Lagrange's Interpolation Formula for the HP-41

This program is Copyright © 2003-2006 by Jean-Marc Baillard and is used here by permission.

This program is supplied without representation or warranty of any kind. Jean-Marc Baillard and The Museum of HP Calculators therefore assume no responsibility and shall have no liability, consequential or otherwise, of any kind arising from the use of this program material or any part thereof.

Overview:

 1°) Univariate Interpolation
 2°) Bivariate Interpolation        ( new )
   a) non-synthetic program        ( new )
   b) synthetic program                ( new )
 

1°) Univariate Interpolation
 

-Let be a set of n data points:   M1 ( x1 ; y1 )  ,   M2 ( x2 ; y2 )  ,  ..........  ,  Mn ( xn ; yn )
 There is a unique polynomial L of degree < n  such that:     L(xi) = yi       i = 1 ; 2 ; ..... ; n
-In other words, L is the collocation polynomial for these arguments.
 ( xi values can be unequally-spaced.)

-The following program calculates  L(x) = y1 L1(x) + y2 L2(x) + ..... + yn Ln(x)

 where    Li(x) = ( x - x1 ) ...... ( x - xi-1 ) ( x - xi+1 ) ...... ( x - xn ) / [ ( xi - x1 ) ...... ( xi - xi-1 ) ( xi - xi+1 ) ( xi - xn ) ]
 are the Lagrange's multiplier functions.

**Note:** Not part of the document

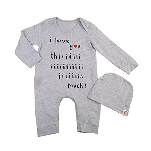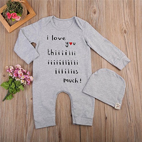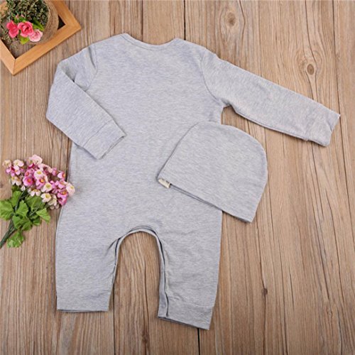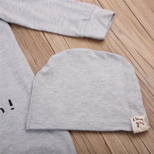 杜屋トヤ 新生児服 女の子 男の子 ユニセックス 赤ちゃん 文字プリント長袖トップス グレイ シンプル 帽子 ボディースーツ 洋式秋服 秋 冬 遊び 記念日 撮影 誕生日 ルームウェア

-This formula is also applied to an extrapolation to the limit in example2.
 

Data Registers:

-You have to store the 2n numbers   x1 , y1 , x2 , y2 , ........ , xn , yn  into contiguous registers,  starting at any register  Rbb:
 
       x1         x2    ...........        xn
       y1         y2    ...........        yn

                                  into
 
      Rbb    Rbb+2   .............    Ree-1
    Rbb+1    Rbb+3   .............      Ree

                      ( ee = bb + 2n -1 )

Flags:  /
Subroutines:  /

-Thanks to synthetic programming,  "LAGR" only uses the registers containing the  xi and yi numbers,
 but you can replace status registers M N O P Q by the standard R00 R01 R02 R03 R04 ( in this case, of course, bb > 04 ).
 

01  LBL "LAGR"
02  CLA
03  STO M
04  X<>Y
05  STO O
06  STO Q
07  LBL 01
08  RCL Q
09  STO N
10  SIGN
11  LBL 02
12  RCL M
13  RCL IND O
14  RCL IND N
15  ST- Z
16  -
17  X#0?
18  GTO 03
19  SIGN
20  STO Y
21  LBL 03
22  /
23  *
24  ISG N
25  ISG N
26  GTO 02
27  ISG O
28  RCL IND O
29  *
30  ST+ P
31  ISG O
32  GTO 01
33  RCL Q
34  RCL M
35  SIGN
36  X<> P
37  CLA
38  END

( 69 bytes / SIZE? )
 
 
 
    STACK      INPUTS    OUTPUTS
         Y       bbb.eee      bbb.eee
         X            x        L(x)
         L            /          x

Example1:

  Evaluate  y(3) and y(5) for the collocation polynomial that takes the values prescribed below:
 
    xi     0     1     2     4     7
    yi     3     2     4     6     5

 For instance, you store these 10 numbers ( 0 3 1 2 2 4 4 6 7 5 ) into R01 thru R10, then

 1.010  ENTER^
     3     XEQ "LAGR"  produces:  y(3) = 5.847619048    ( in 14 seconds )

 RDN    5   R/S           ----------   y(5) = 4.523809520
 

Example2:
 

-Lagrange's polynomial can also be used for an extrapolation to the limit:
 Suppose we are using the trapezoidal rule to evaluate the integral:       I  =  §02  ex dx
 The interval  [0;2]  is divided into n subintervals and

  n = 1  yields  I1 = 8.389056101
  n = 2  -----   I2 = 6.912809880
  n = 4  -----   I4 = 6.521610110
  n = 8  -----   I8 = 6.422297820

We would like to know the result with n = infinity!  i-e  1/n = 0.
The error of the trapezoidal rule is nearly proportional to  1/n2  , therefore, we can use Lagrange interpolation formula with

   x1 = 1   x2 = 1/4   x3 = 1/16   x4 = 1/64
   y1 = I1   y2 = I2      y3 = I4       y4 =  I8      and  evaluate   L (0)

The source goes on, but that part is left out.